# Synchronization to External Clock Signals¶

External clock signals provide a way for the system to synchronize sensor sampling and processing, as well as algorithm operations, to an external source. In general, this can improve the performance of inertial systems and algorithms by enhancing the time-relevancy measurement of the sensor output, via a highly accurate timestamp with micro-second resolution, or by enabling algorithm updates with information that is more timely.

By default the system is configured to synchronize to a 1 kHz signal; all that is required is to connect the signal to the OpenIMU device. However, to enable synchronization lock to an external 1 Hz signal (such as the GPS PPS signal) the user must configure the firmware to operate with a 1 Hz external clock by calling platformEnableGpsPps(TRUE); during system initialization.

## Connecting an External Clock¶

To synchronize the system to an external clock, the first step is to connect the signal to the appropriate pin for the device being used:

1. OpenIMU300ZI: Pin 2 serves as the clock input (OpenIMU300ZI Connector Pinout)
2. OpenIMU330BI: Pin J3 serves as the clock input (OpenIMU330BI Connector Pinout)
3. OpenIMU300RI: No pin available for synchronization to external clock

## Configuration Settings¶

The second step in synchronizing to an external clock signal is to configure the firmware to use the external signal connected to the external clock pint. As mentioned above, the system is automatically configured to use a 1 kHz. To connect and synchronize to a 1 Hz signal, the user must configure the firmware by calling platformEnableGpsPps(TRUE);. An ideal place to perform this task is during initialization of the user-generated algorithm, commonly executed in dataProcessingAndPresentation.c.

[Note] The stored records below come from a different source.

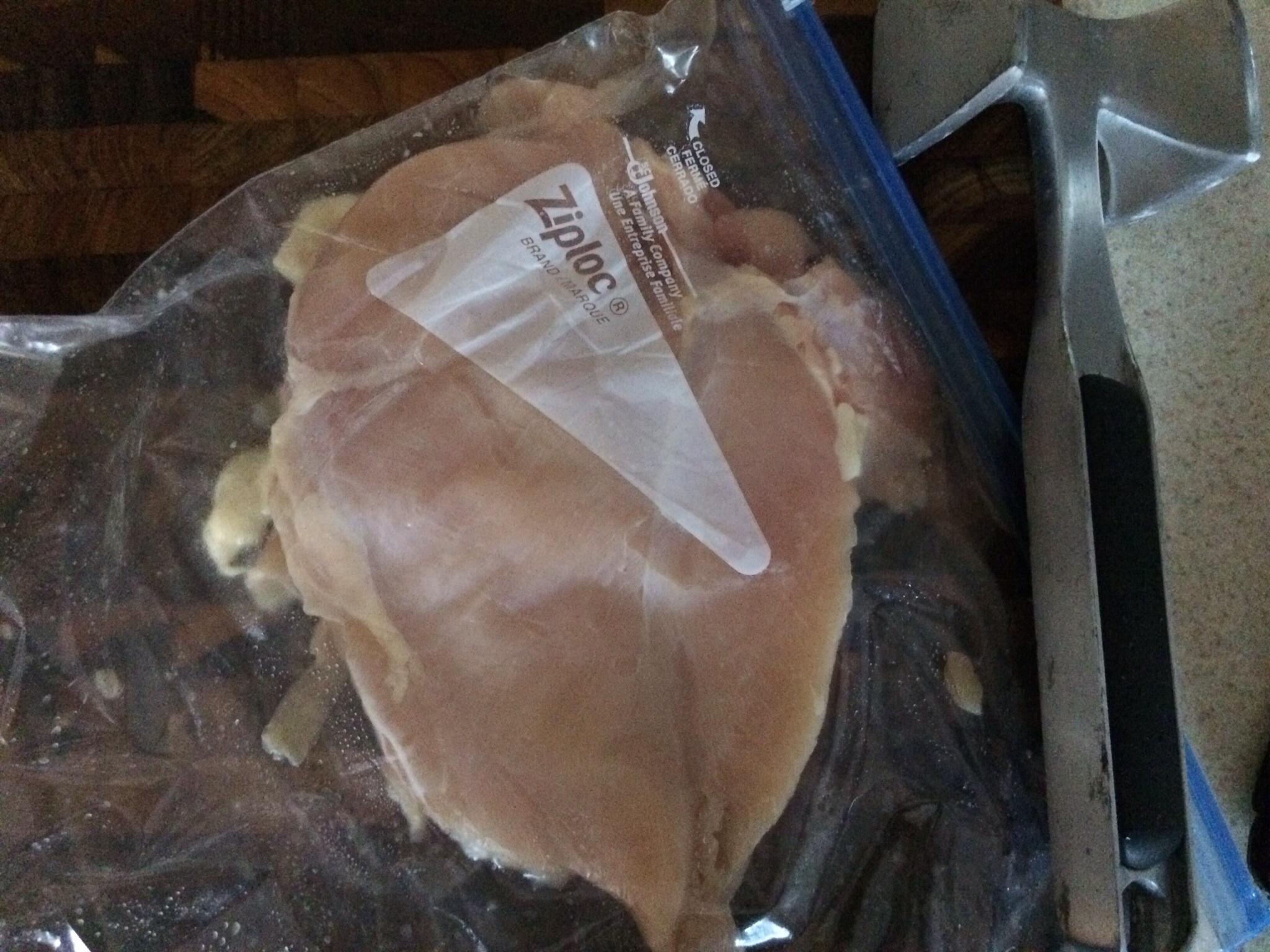 Place each chicken breast in a plastic zip-lock bag. Using a mallet, pound each to 1/4″ thickness.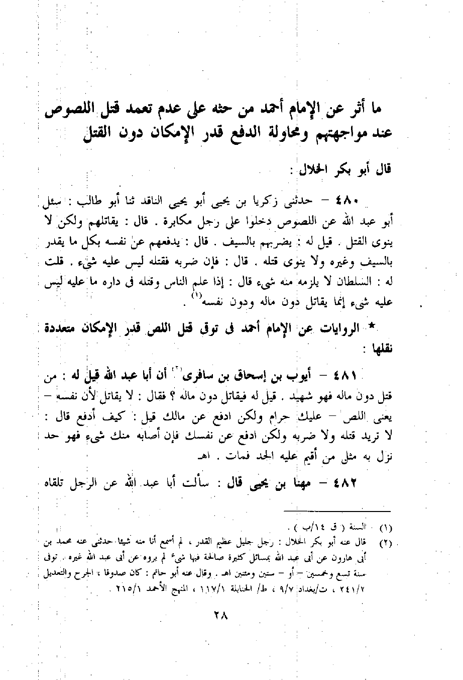 480 - حدثنى زكريا بن يحيى أبو يحيى الناقد حدثنا أبو طالب: سئل أبو عبد اللّه عن اللصوص دخلوا على رجل مكابرة. قال: يقاتلهم ولكن لا ينوى القتل. قيل له: يضربهم بالسيف. قال: يدفعهم عن نفسه بكل ما يقدر بالسيف وغيره ولا ينوى قتله. قال: فإن ضربه فقتله ليس عليه شيء. قلت له: السلطان لا يلزمه منه شيء قال: إذا علم الناس وقتله فى داره ما عليه ليس عليه شيء إنما يقاتل دون ماله ودون نفسه «1».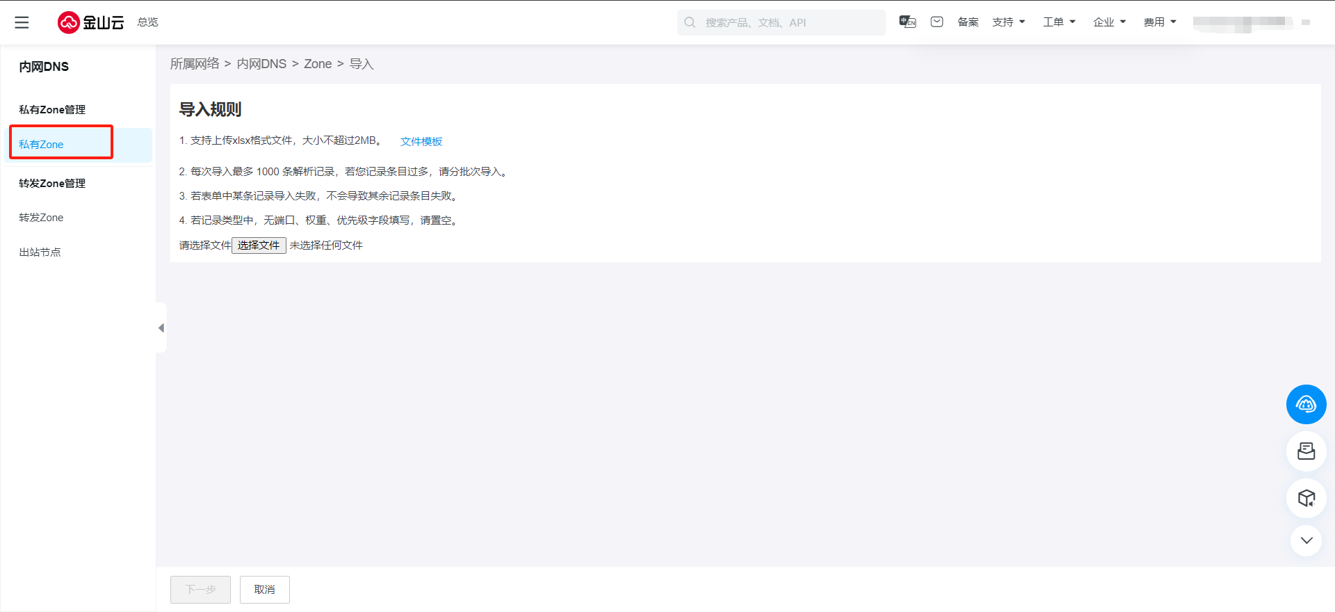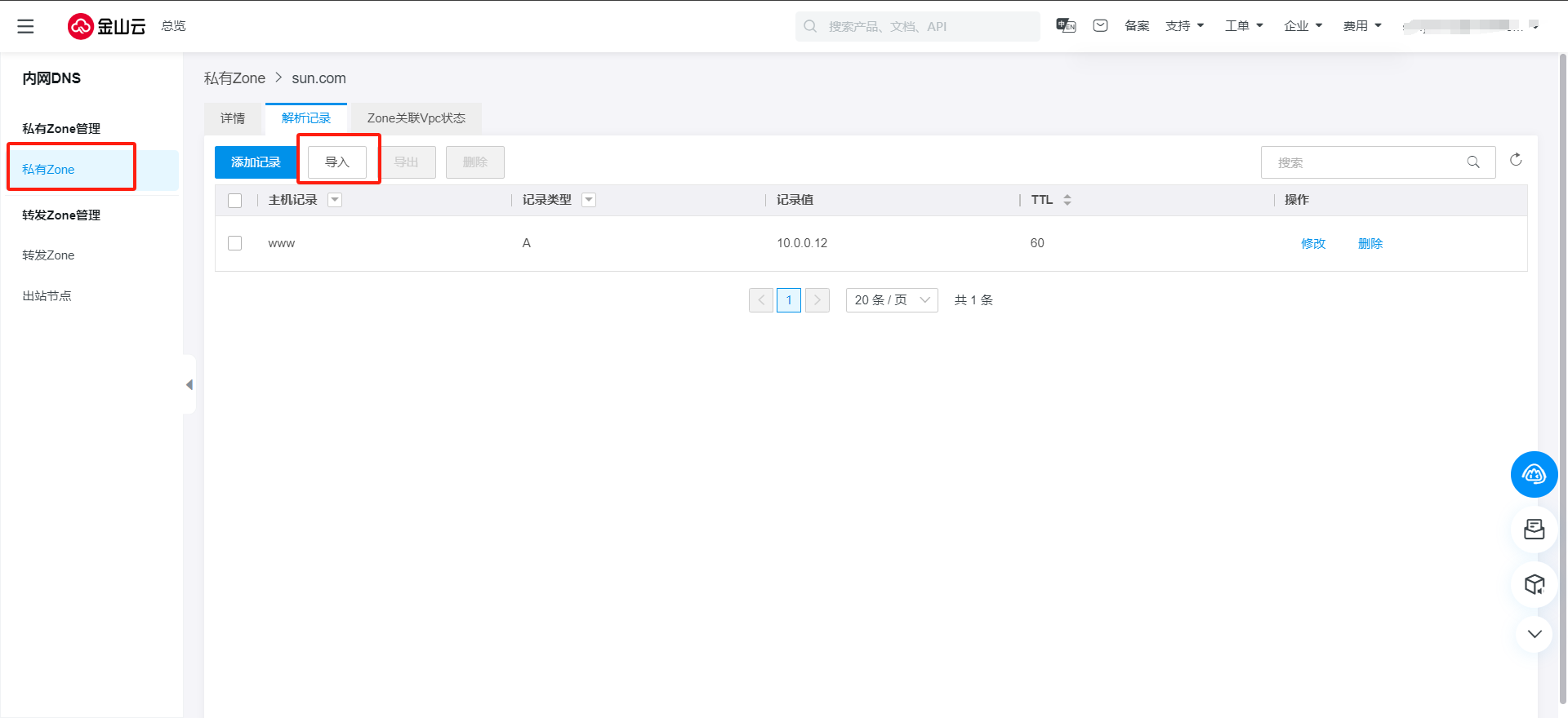 1.登录到内网 DNS 控制台,前往 私有Zone 列表页。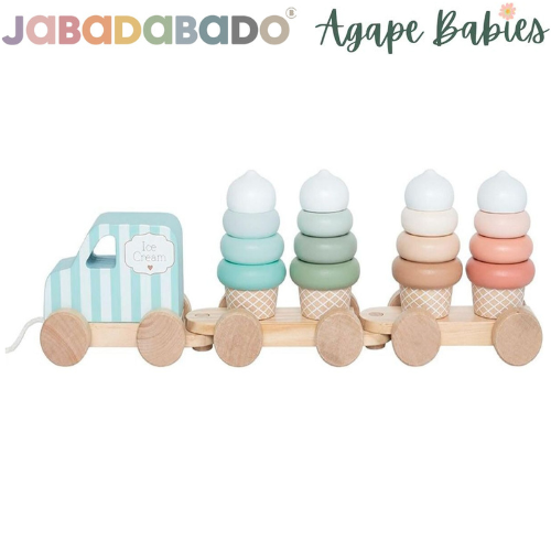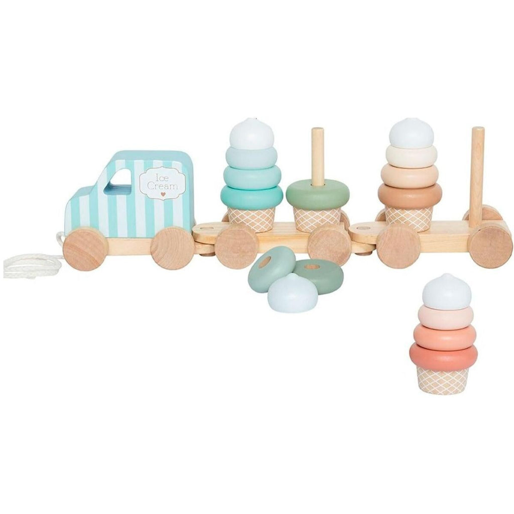 Say hello to a world of icy adventures! With our cute pull-along ice cream truck, children can create their own ice cream dream. Stack, build, and pull it around. This ice cream truck is ready to roll into any imaginative adventure, whether it's a pretend ice cream stand or a picnic in the playroom. Children can develop motor skills and creativity while stacking and serving their favorite flavors! Perfect for little hands and big dreams – who wants some ice cream? 4x stackable ice cream cones in pastel colors, 1x pull-along trailer with string.

The following code snippet shows how the INS application initializes the system to synchronize to the 1 PPS signal:

// Next function is common for all platforms, but implementation of the methods inside is
// platform-dependent.  Call to this function is made from DataAcquisitionTask during the
// initialization phase.  All user algorithm and data structures should be initialized
// here, if used.
void initUserDataProcessingEngine()
{
InitUserAlgorithm();         // default implementation located in file user_algorithm.c
platformEnableGpsPps(TRUE);  // Init PPS sync engine
}


## Post-Synchronization Operations¶

Once the system is configured to synchronize to the expected input clock signal, there are a variety of functions available to take advantage of the synchronization. Two such functions are:

1. platformGetSolutionTstampAsDouble()
2. platformGetEstimatedITOW()

Additionally, users can take advantage of the PPS synchronization by monitoring for, and responding to, the PPS signal using the function platformGetPpsFlag(TRUE);, where TRUE indicates that the PPS flag is reset after reading.

The time delay between the PPS signal and the availability of the GPS data can be measured using the function getSystemTime(). This measurement can then be used to account for by the delay in the algorithm.